Sunday, September 14, 2008

God's Timing

Nadeem has something to say: Okay, You have to realize Bangladesh is hostile territory for someone who was raised in Atlanta, Georgia. I am referring to Sherri, though I am not far off:-) Even Hasan (my adopted brother - Bhiaya for short) has been worried sick about Sherri. Add to the scariness of a third world country with an adoption dealing with Bangladesh Court, an unfriendly US Embassy, an orphan baby with no official home yet, and of course the battle within to run away and hide does not make this a vacation. Yes, there is also a lot of good. The love poured out by Hasan's family can only come from God. They have a very nice place and you would not even realize the chaos outside until you step outside. The pollution in this country is horrific along with the traffic and the crowds. Some very good home cooking though - always have to look at the good.

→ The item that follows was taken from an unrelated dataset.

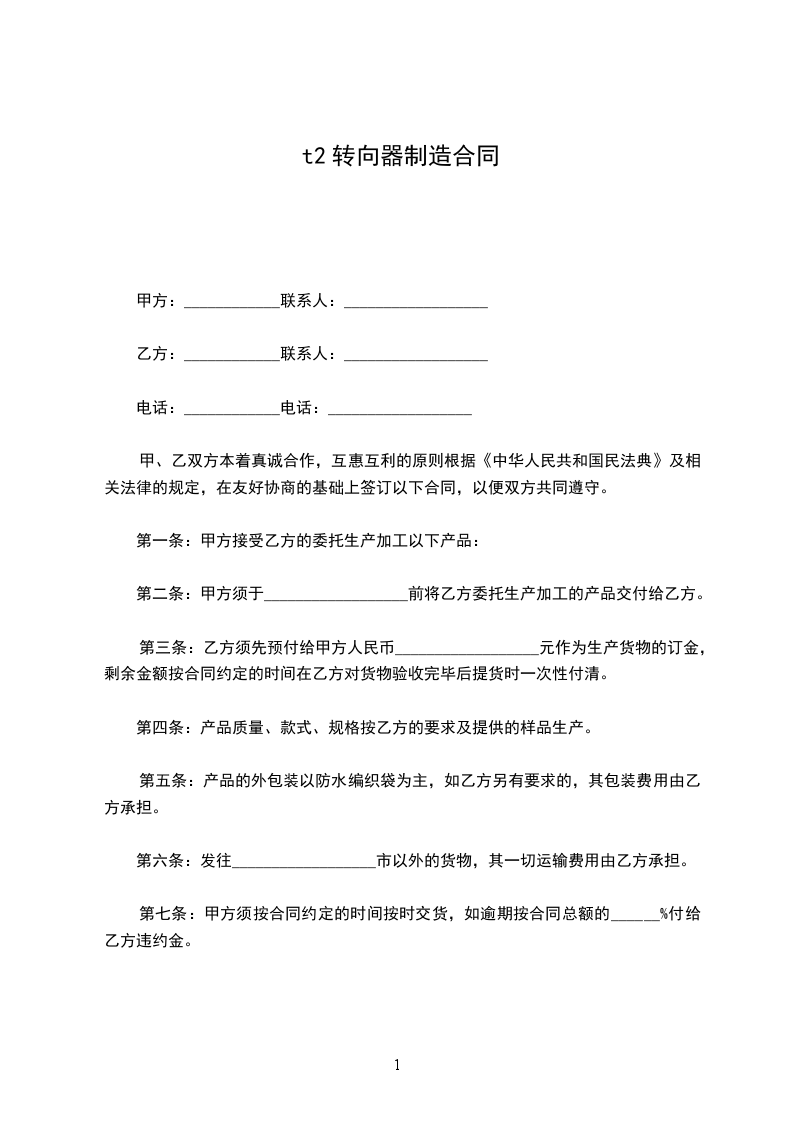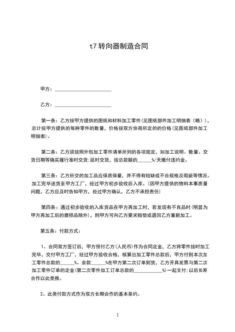 一、甲托乙加工生产之产品为出口液压件等系列产品,乙保证按甲乙双方确定的托加工订单和甲提供的图纸要求进行加工。

There is a lot of uncertainty about this adoption and honestly we don't have a clue what is going to happen next. We thought we would be picking up Kalina tomorrow, but we are still waiting on the paper work to come through. This part I am not too worried about; it is more with the US Embassy. We are supposed to leave on the 28th with Kalina, but nothing has been confirmed or even started. Of course, all this starts building up a lot of fear and tension that something is going to go wrong.

I have not been able to sleep at night. Usually, I get out of bed, go into the bathroom, sit on the nice tile floor and start with my quiet time until the sun comes up. Last night God gave me a message from John 7:6 "Then Jesus said to them, 'My time has not yet come, but your time is always ready.'" Of course, I knew what this meant for me right away. We have been on a mission to get Kalina adopted and then obtain a visa to come to the States on our time and not God's time. Just then at 4am in the morning sitting on the bathroom floor I noticed the drip, drip of the toilet bowl - funny I didn't notice this the last several nights on the floor. After 30 minutes of this drip, drip I started going crazy. Surely, God does not want me so distracted while I try to be with Him? "God in Heaven, I don't know if I have enough faith to move a mountain, but I think I have enough where you could stop this drip for me so I can focus on you." Okay, so, nothing happened; in fact, I think it started getting worse. I tried to look at the toilet bowl, but heck, what do I know about plumbing? So, I laid my hands on the toilet and prayed over it. Nothing!!! "Okay God, I still love you and believe in you even though you did not help me with this little drip problem." I start reading in John again and five minutes later the drip, drip stopped. God's timing! Of course, every five minutes later I am looking for the drip to come back. Thirty minutes later still no drip. One hour later I can start to hear a drip coming back. Matthew 14:30-31 I guess I am worse than Peter. At least he got scared when the wind got stirred up. I am waiting on the wind looking to drown. "Lord, save me!" God only gives you the plan one day at a time. You just have to be patient. You might find yourself in the darkness, but the light of Christ is just around the corner, all you have to do is hold on.

1 comment:

Kim Overcash said...

We believe God is working all of this out for HIS glory. We also believe that He will give you Kalina and open all the doors needed in order to complete the adoption process. Standing together with you guys in prayer and love. May God bless you all this morning!